Furthermore, the relationship between the joint torques of the MDAR and the relative force of two end-effectors of the MDAR can be expressed as follows:

$$\mathit{\tau }={\mathit{J}}_{\mathit{R}}{}^{\mathrm{T}}\mathit{F}_{\mathit{R}},$$

(19)

Further, by substituting Equation (19) into Equation (16), the relative dynamic model of the MDAR is expressed as follows:

$$\mathit{M}(\mathit{q})\ddot{\mathit{q}}+\mathit{H}(\mathit{q},\dot{\mathit{q}})+\mathit{G}(\mathit{q})=\mathit{\tau }={\mathit{J}}_{\mathit{R}}{}^{\mathrm{T}}\mathit{F}_{\mathit{R}}.$$

(20)

It is noted that the MDAR proposed in this paper has 7 degrees of freedom, with 6-dimensional torque outputs at the end-effectors. In this regard, the transpose of the relative Jacobian matrix ${\mathit{J}}_{\mathit{R}}^{\mathrm{T}}\in {\mathit{R}}^{7\times 6}$. As a result, Equation (19) is overdetermined with no exact solutions. Therefore, a generalized inverse is constructed to solve the least squares solution of the overdetermined Equation (19). The relative force of two end-effectors of the MDAR can be obtained as follows:

$${\mathit{F}}_{\mathit{R}}={\left({\mathit{J}}_{\mathit{R}}^{\mathrm{T}}\right)}^{+}\left[\mathit{M}\left(\mathit{q}\right)\ddot{\mathit{q}}+\mathit{H}\left(\mathit{q},\dot{\mathit{q}}\right)+\mathit{G}\left(\mathit{q}\right)\right],$$

(21)

in which the superscript “+” represents the pseudo-inverse, ${\left({\mathit{J}}_{\mathit{R}}^{\mathrm{T}}\right)}^{+}={\left({\mathit{J}}_{\mathit{R}}{\mathit{J}}_{\mathit{R}}^{\mathrm{T}}\right)}^{-1}{\mathit{J}}_{\mathit{R}}$.

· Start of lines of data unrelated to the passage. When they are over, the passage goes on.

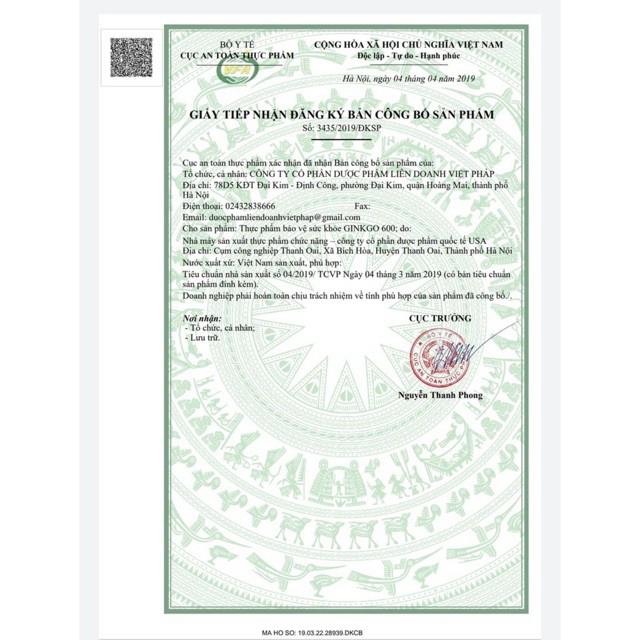 Ginkgo 600 giúp hoạt huyết dưỡng não bền thành mạch hộp 100 viên, sản phẩm có nguồn gốc xuất xứ rõ ràng, đảm bảo chất lượng
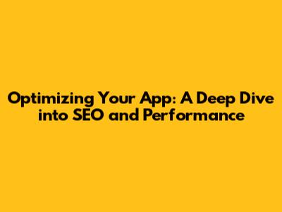 Optimizing Your App: A Deep Dive Into SEO And Performance
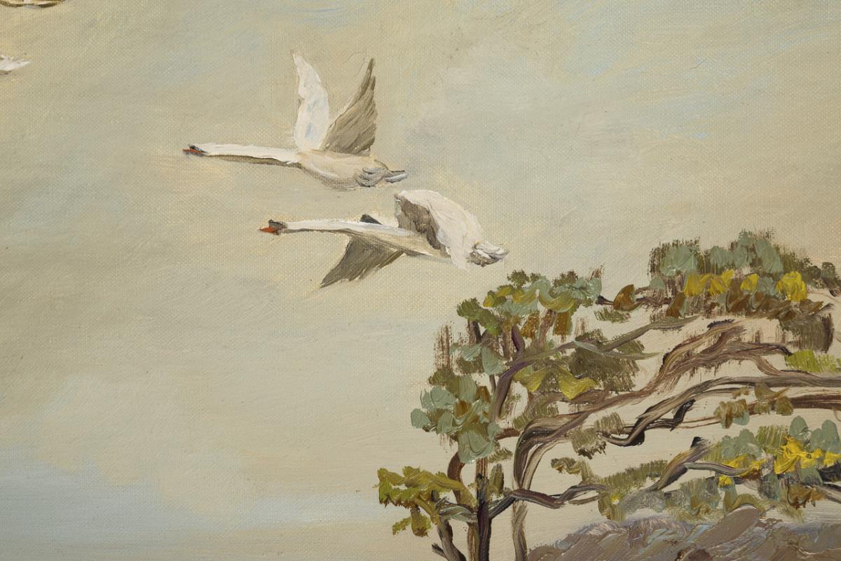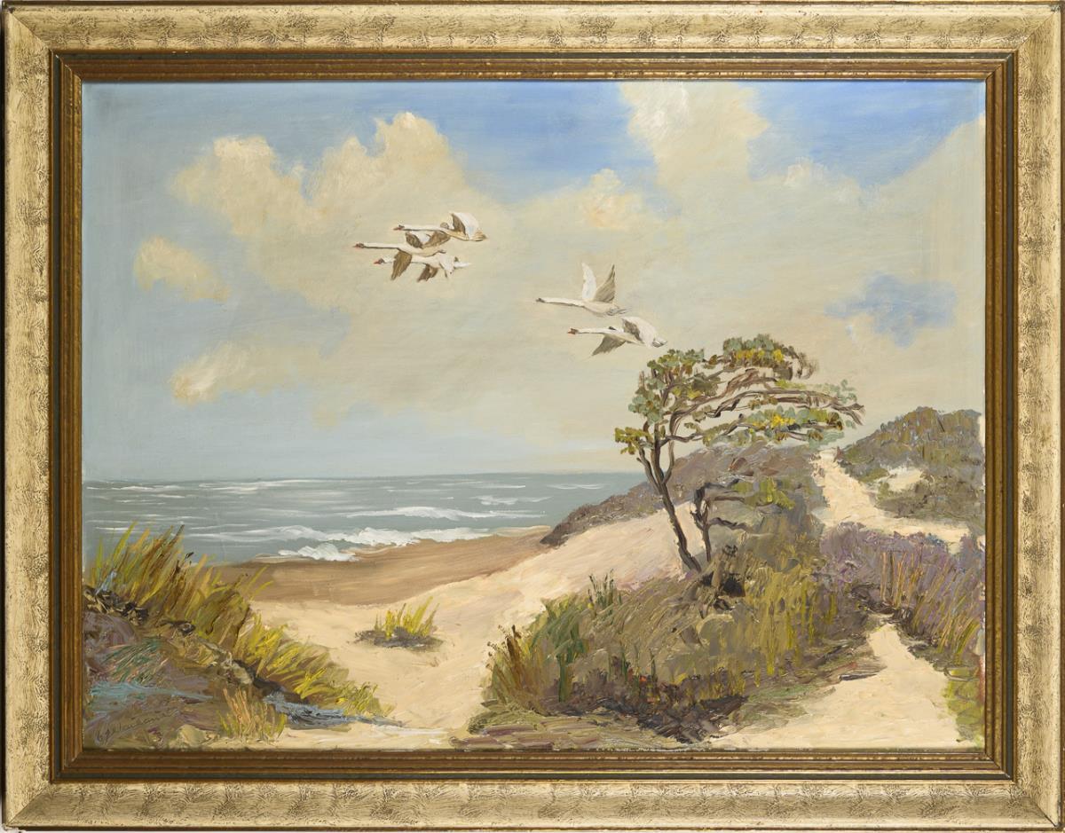 Undeutlich signiert: Schwäne im Flug am Ostseestrand

4. Relative Force/Position Hybrid Controller

This section proposed a relative force/position hybrid control algorithm for the proposed MDAR. Addressing the limitations of conventional dual-arm robot control strategies, which struggle to manage dynamic coupling effects and synchronous force/position constraints arising from the mobile base, and often led to significant tracking errors, excessive internal stresses, and low energy efficiency when handling end-effector environment interactions. This paper first designed the MDAR’s position control system. Subsequently, the relative force at the end-effectors was incorporated into the control system and managed by adjusting joint output torques. Finally, a positive Lyapunov function was constructed, and the stability of the MDAR’s relative force/position hybrid control system was demonstrated through theoretical derivation.

4.1. Controller Design

It is important to note that position control can only calibrate the absolute position of the two end-effectors of the MDAR in Cartesian space. And in the actual working process, the two end-effectors have to exert a certain amount of force on the working objects. Therefore, only position control or force control strategy for the presented MDAR is not sufficient to accurately accomplish a prescribed task, because the expected forces should be preserved according to the planned trajectory. To turn up the above drawbacks, a relative force/position hybrid controller is developed and implemented for MDAR, and its structure is shown in Figure 2. Unlike conventional approaches that control the absolute pose of each arm, the proposed scheme operates in a unified relative task space. This formulation directly regulates the relative motion and interaction forces between the two end-effectors of the MDAR. In this proposed control scheme, two control loops are used. And in detail, one loop is position control, and the other loop is for force control. The gains of each controller are tuned such that the required tracking performance is achieved.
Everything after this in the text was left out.